**Records supplied:**
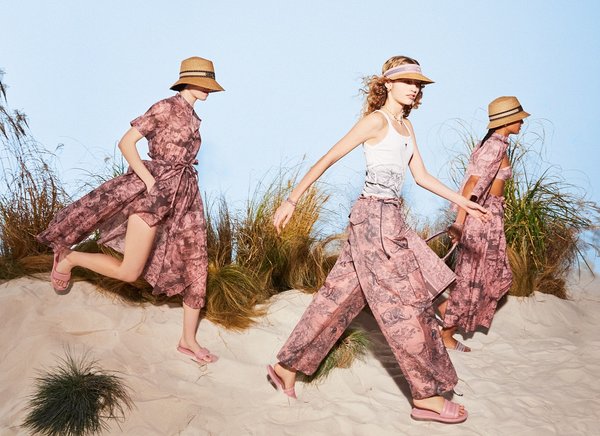 لهذا الصيف تتألق الملابس الجاهزة اللوازم الجلدية، الأحذية والأكسسوارات من مجموعة Dioriviera بألوان زاهية. حيث تم الكشف عن إصدار فاخر لنمط Toile de Jouy، الرمز الخالد الذي أعادته المديرة الفنية لمجموعات Dior للنساء إلى الحياة، حيث تتعايش النمور والقرود والزواحف.
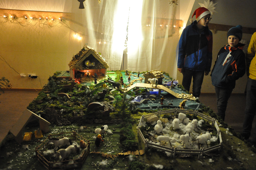 Das Projekt „Freudenhain leuchtet“ führte am Mittwochabend die gesamte Schulfamilie des Auersperg-Gymnasiums zu einer Weihnachtsfeier für alle Sinne zusammen. Nach Einbruch der Dunkelheit strömten die Schüler mit ihren Familien, aber auch Ehemalige und Freunde aufs Schulgelände. Die 5. und 6. Klassen boten bei einem bunten Basar im Festsaal Selbstgebackenes und Selbstgebasteltes an. Alle 7. bis 10. Klassen hatten in ihren Klassenzimmern Krippen aufgebaut, die zu einem Spaziergang durch das weihnachtlich geschmückte Schulgebäude animierten. Stärken konnte man sich im Schlosshof mit großzügig von der Metzgerei Brodinger gestifteten Bratwürsten, Gemüsesuppe und Punsch. Der Erlös aller Verkäufe wird zusammen mit den beim Weihnachtskonzert gegebenen Spenden der Passauer Tafel zugutekommen.
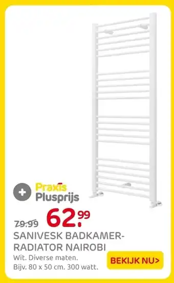 De prijs van de Sanivesk badkamer radiator nairobi kan ook teruggevonden worden hierboven op de pagina, samen met de datum van wanneer de aanbieding beschikbaar is. Ook kun je de prijzen in de huidige Praxis folder of op de Praxis website controleren. De aanbiedingen verzekeren je van het kopen van de Praxis producten voor de laagste prijs.
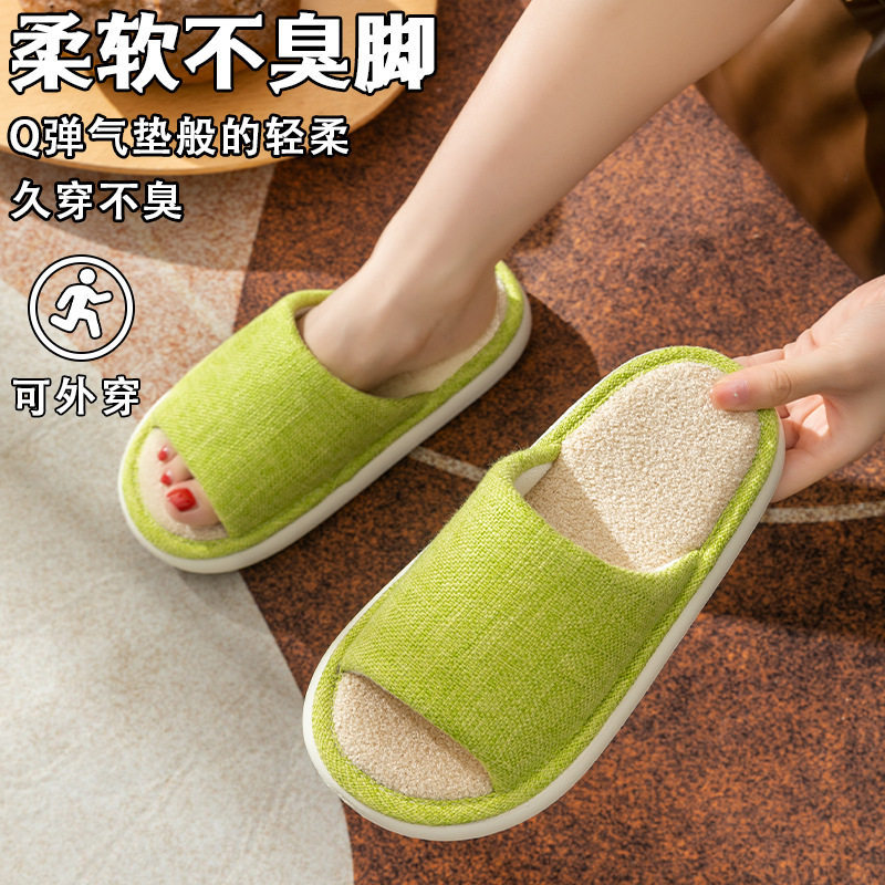 日式防臭亚麻拖鞋女男室内情侣四季家居家用木地板棉麻吸汗凉拖鞋
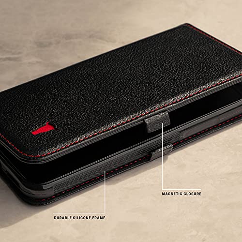 La custodia TORRO è realizzata a mano con vera pelle napa nera con cuciture rosse . Le custodie TORRO sono Qi compatibile e supportono la ricarica wireless con il telefono ancora nella custodia.
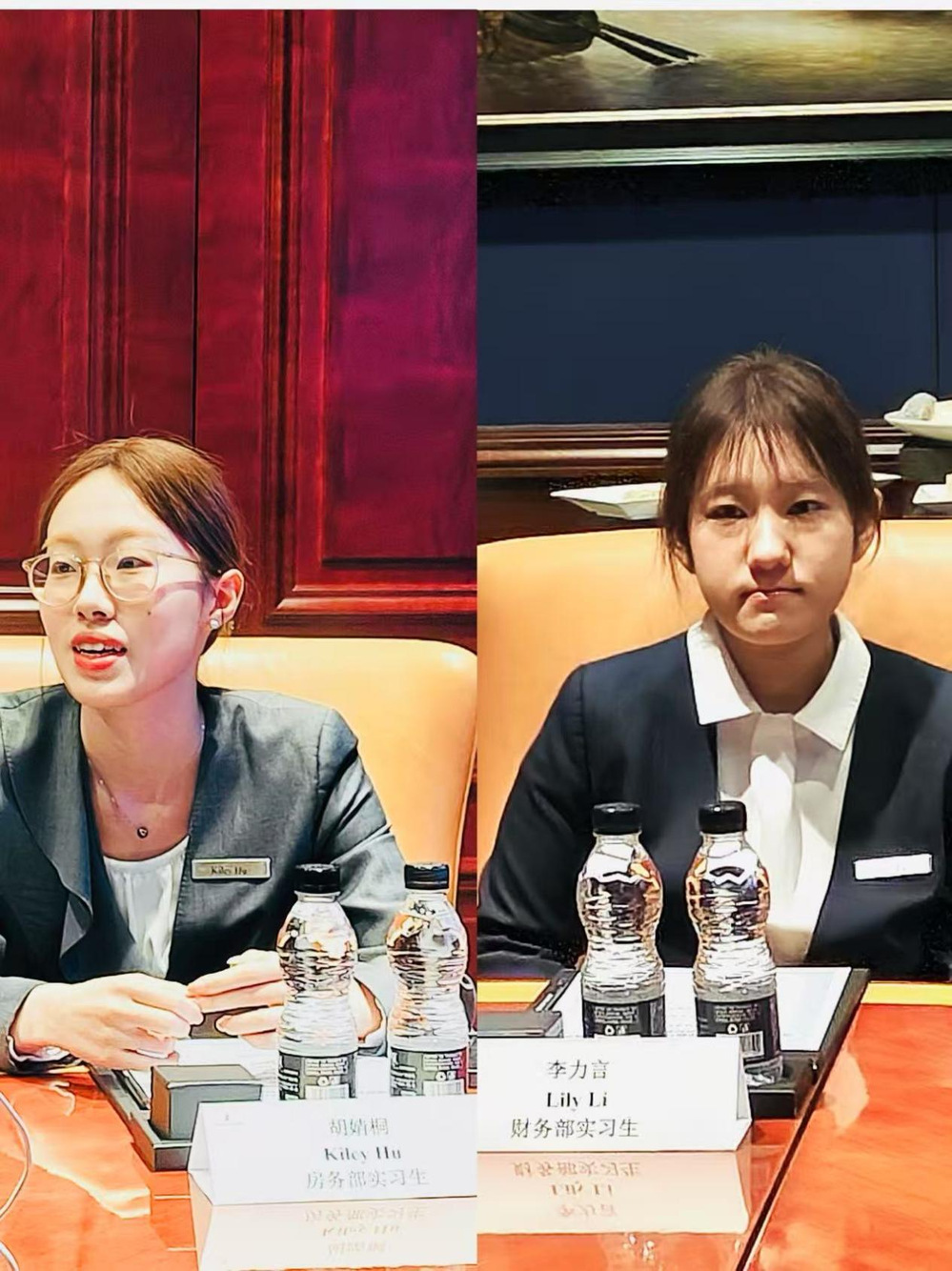 同时会议还邀请了目前在职人力资源部实习生马瑞超、财务部实习生李力言、前厅部实习生胡婧桐等同学结合在丽思卡尔顿酒店的实习经历,分享了从课堂到职场的成长感悟。

**Task instructions:** Pictures are to be omitted. Print exactly the lines from the line containing "日式防臭亚麻拖鞋女男室内情侣四季家居家用木地板棉麻吸汗凉拖鞋" through the final line of the material above, both included.

**Answer to the problem:**
 日式防臭亚麻拖鞋女男室内情侣四季家居家用木地板棉麻吸汗凉拖鞋
 La custodia TORRO è realizzata a mano con vera pelle napa nera con cuciture rosse . Le custodie TORRO sono Qi compatibile e supportono la ricarica wireless con il telefono ancora nella custodia.
 同时会议还邀请了目前在职人力资源部实习生马瑞超、财务部实习生李力言、前厅部实习生胡婧桐等同学结合在丽思卡尔顿酒店的实习经历,分享了从课堂到职场的成长感悟。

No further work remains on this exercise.